DIRECTIONS = All of the data below should be printed again word for word, pictures excluded.

EXERCISE DATA =
Start of Block

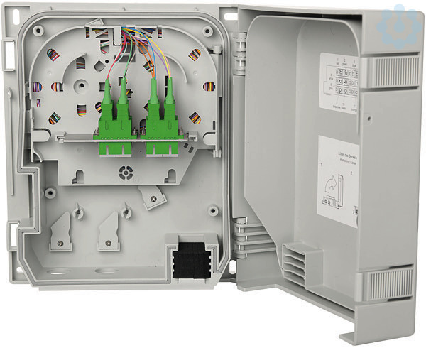 Glasfaser Spleiß-/Verteilgehäuse zum Einsatz als Hausübergabepunkt , bestückt mit SC-D Kupplungen und SC-Pigtails, Deckelverriegelung mittels Rasthaken mit Möglichkeit zur Plombierung., Deckel kann zur Erleichterung der Montage sehr einfach demontiert werden, Spleißkassette zur einfachen Montage und Wartung bei größtmöglichem Schutz der Fasern mit Auskreuzungsmöglichkeit und Faserüberlängenablage, mit oder ohne Schloss erhältlich, Zugentlastung für Kabel und Patchkabel, Montagemöglichkeit und Fixierung für Gas-/Wasserblocker vorhanden, Patchkabelausgang mit flexibler Lamellendichtung, zwei Kabeleinführungen für M20/25, eine M20-Verschraubung beiliegend, Befestigungsmöglichkeit für optische Koppler, strukturiertes ASA (Acrylester-Styrol-Acrylnitril) in RAL 7035, extrem widerstandsfähiger Kunststoff, schlagzäh und witterungsbeständig, Schutzklasse nach IEC 60529: IP 54, Varianten: bestückt mit bis zu 6 SC-D Kupplungen und bis zu 12 SC-Pigtails, jeweils blau (OS2) oder SC-D APC Kupplungen, jeweils grün (OS2)
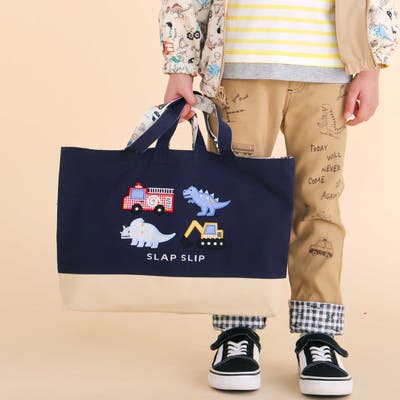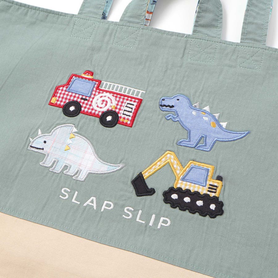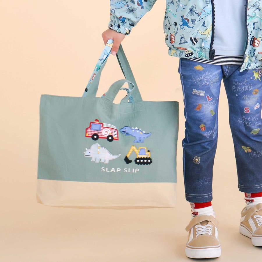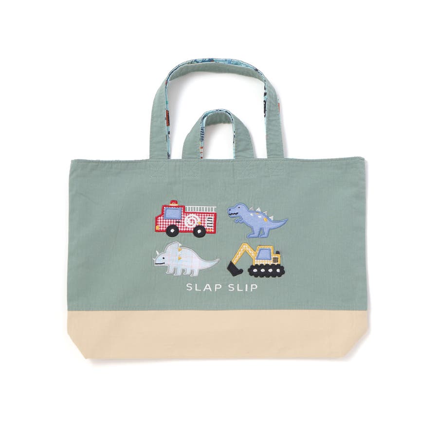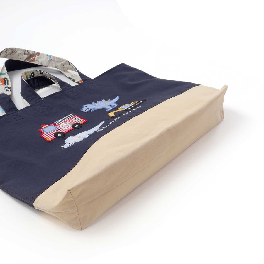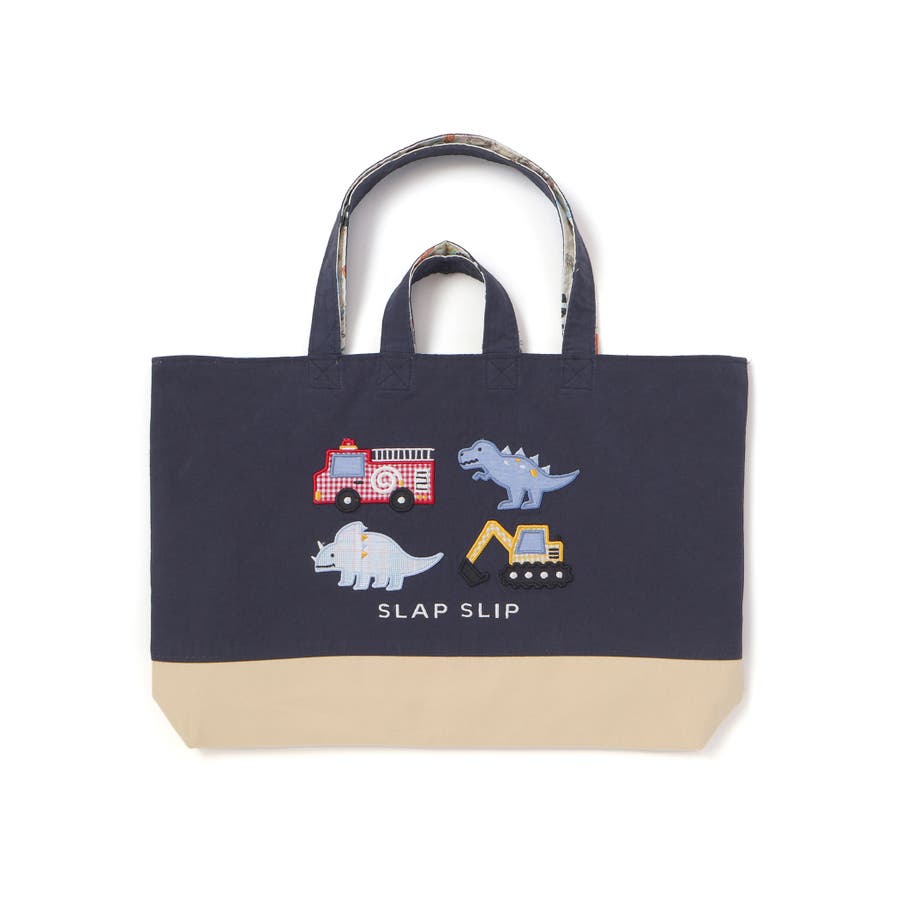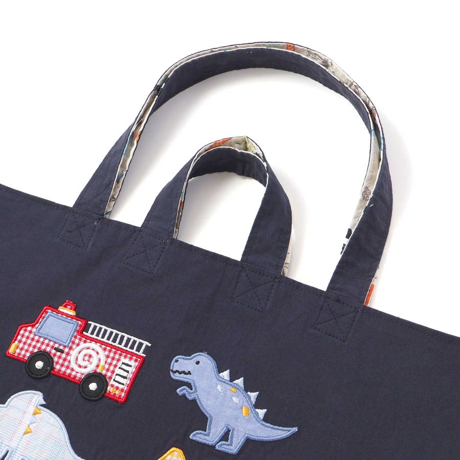 恐竜はたらくくるまパッチ刺しゅうリバーシブルレッスンバッグ
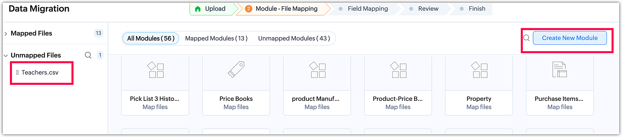 During the module mapping process, if there are any custom modules you need to create (e.g., "Teachers"), you can do so directly. Simply click on the Create Module option located in the top-left corner while in the module mapping interface. This allows you to efficiently create any required custom modules as you proceed with the mapping process.
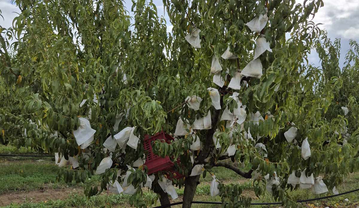Tra maggio e luglio, i frutti ancora piccoli vengono insacchettati uno ad uno, un’operazione minuziosa che protegge la pesca da insetti, funghi e agenti atmosferici, riducendo al minimo l’uso di fitofarmaci. Il risultato è un frutto sano, dalla polpa croccante e profumata, riconoscibile anche per i segni lasciati dal sacchetto sulla buccia che diventano un carattere distintivo, un marchio di fabbrica.

End of Block

OUTPUT =
 Glasfaser Spleiß-/Verteilgehäuse zum Einsatz als Hausübergabepunkt , bestückt mit SC-D Kupplungen und SC-Pigtails, Deckelverriegelung mittels Rasthaken mit Möglichkeit zur Plombierung., Deckel kann zur Erleichterung der Montage sehr einfach demontiert werden, Spleißkassette zur einfachen Montage und Wartung bei größtmöglichem Schutz der Fasern mit Auskreuzungsmöglichkeit und Faserüberlängenablage, mit oder ohne Schloss erhältlich, Zugentlastung für Kabel und Patchkabel, Montagemöglichkeit und Fixierung für Gas-/Wasserblocker vorhanden, Patchkabelausgang mit flexibler Lamellendichtung, zwei Kabeleinführungen für M20/25, eine M20-Verschraubung beiliegend, Befestigungsmöglichkeit für optische Koppler, strukturiertes ASA (Acrylester-Styrol-Acrylnitril) in RAL 7035, extrem widerstandsfähiger Kunststoff, schlagzäh und witterungsbeständig, Schutzklasse nach IEC 60529: IP 54, Varianten: bestückt mit bis zu 6 SC-D Kupplungen und bis zu 12 SC-Pigtails, jeweils blau (OS2) oder SC-D APC Kupplungen, jeweils grün (OS2)
 恐竜はたらくくるまパッチ刺しゅうリバーシブルレッスンバッグ
 During the module mapping process, if there are any custom modules you need to create (e.g., "Teachers"), you can do so directly. Simply click on the Create Module option located in the top-left corner while in the module mapping interface. This allows you to efficiently create any required custom modules as you proceed with the mapping process.
Tra maggio e luglio, i frutti ancora piccoli vengono insacchettati uno ad uno, un’operazione minuziosa che protegge la pesca da insetti, funghi e agenti atmosferici, riducendo al minimo l’uso di fitofarmaci. Il risultato è un frutto sano, dalla polpa croccante e profumata, riconoscibile anche per i segni lasciati dal sacchetto sulla buccia che diventano un carattere distintivo, un marchio di fabbrica.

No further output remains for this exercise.